Saturday, November 03, 2007

POETRY | HIRSHFIELD | In Praise of Coldness

I was looking through some of my old Moleskine notebooks, and I came across one that I kept as a poetry journal. I had copied by hand, the poems that I found moving and inspiring. I have also included several entries for Patti Smith.

There were also a few poems by Jane Hirshfield - among them, "In Praise of Coldness", which quoted Chekhov.

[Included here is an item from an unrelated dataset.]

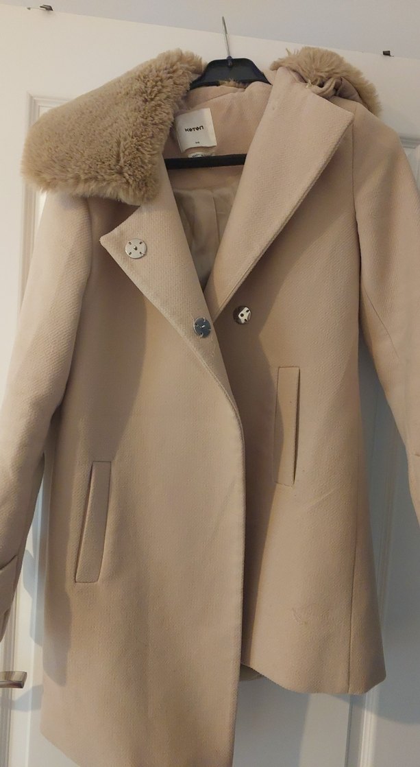 Bej /krem renkte, çıkarılabilir kürk yakalı, düğmeli kapamalı, cepli ve Astarlı kaşe kaban.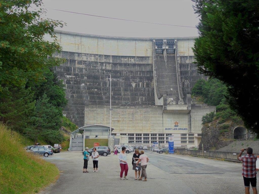 Trotz des ernsten und durch Stichworte wie „Nizza“ und „Charlie Hebdo“ gekennzeichneten Hintergrundes diente der Besuch der Bad Königer Delegation natürlich auch der Information. Aufbauend auf früheren Treffen in Bad König und Argentat stellten die französischen Gastgeber am zweiten Besuchstag die im Tal der Dordogne besonders wichtigen Einrichtungen zur Energiegewinnung durch Wasserkraft vor. Zu diesem Zweck suchten Gastgeber und Gäste gemeinsam das am Oberlauf der Dordogne gelegene Wasserkraftwerk in Bort-les-Orgues auf. Als viertgrößtes Wasserkraftwerk Frankreichs wird hier im Laufe des Jahres Strom erzeugt, mit dem eine Stadt von 128.000 Einwohnern versorgt werden kann. Eingebettet in die Landschaften der Corrèze, des Cantal und des Puy-de-Dome, nutzt die Anlage das Wasser der Dordogne und sammelt es in einem 21 Kilometer langen Stausee. Dem Besucher bietet sich nicht nur der Anblick einer 120 Meter hohen Staumauer; in einem Informationszentrum kann er sich über die Baugeschichte des 1942 begonnen und 1952 fertiggestellten Bauwerks, über technische Details der Energiegewinnung aus Wasser und über Sicherheitsvorkehrungen unterrichten. Die Besucher aus Bad König, die von einer Mitarbeiterin der das Werk betreibenden EDF durch die Anlage und das Informationszentrum geführt wurden, machten von dieser Möglichkeit regen Gebrauch. Deutlich wurde auch, dass die nachhaltig in die Landschaft der Dordogne eingreifende Entstehung eines Stausees von beachtlicher Größe auch Chancen für neue Erwerbszweige bietet. So zeigte der Besuch des heute auf einer über einen Damm zu erreichenden Insel gelegene Chateau de Val die Möglichkeit einer touristische Nutzung der künstlich entstandenen Landschaft auf; als Ausgangspunkt für Bootsfahrten auf dem Stausee und für Wanderungen sowie als ein die am Ende des 100jährigen Krieges entstandenen Baulichkeiten präsentierendes Museum und Ausstellungsort hilft das Schloss, Touristen in diese Gegend Frankreichs zu ziehen und trägt so zur Förderung des Tourismus bei. Veraltete Wirtschaftszweige können so ersetzt werden, was insbesondere beim Besuch des Ledermuseums von Bort-les-Orgues deutlich wurde, in dem, angesiedelt in einer aufgelassenen Fabrik, die Produktion von Leder Schritt für Schritt an den noch in der zweiten Hälfte des vergangenen Jahrhunderts genutzten Maschinen nachvollzogen werden kann. Auch wenn die Staumauer von in Bad König neuerdings nicht ganz unbekannten Mauerseglern und der kleinen Hufeisenfledermaus besiedelt ist, lässt sich allerdings nicht verleugnen, dass der Bau solcher Stauwerke einen schwerwiegenden Eingriff in die Natur darstellt; Lachse, die früher bis zum Oberlauf der Dordogne aufstiegen, findet man hier nun nicht mehr.

I re-read that poem, and now I couldn't let it go.


“If you wish to move your reader,”
Chehkov wrote, “you must write more coldly.”

Herakleitos recommended, “A dry soul is best.”

And so at the center of many great works
is found a preserving dispassion,
like the vanishing point of quattrocento perspective,
or the tiny packets of dessicant enclosed
in a box of new shoes or seeds.

But still the vanishing point
is not the painting,
the silica is not the blossoming plant.

Chekhov, dying, read the timetables of trains.
To what more earthly thing could he have been faithful?–
Scent of rocking distances,
smoke of blue trees out the window,
hampers of bread, pickled cabbage, boiled meat.

Scent of the knowable journey.

Neither a person entirely broken
nor one entirely whole can speak.

In sorrow, pretend to be fearless. In happiness, tremble.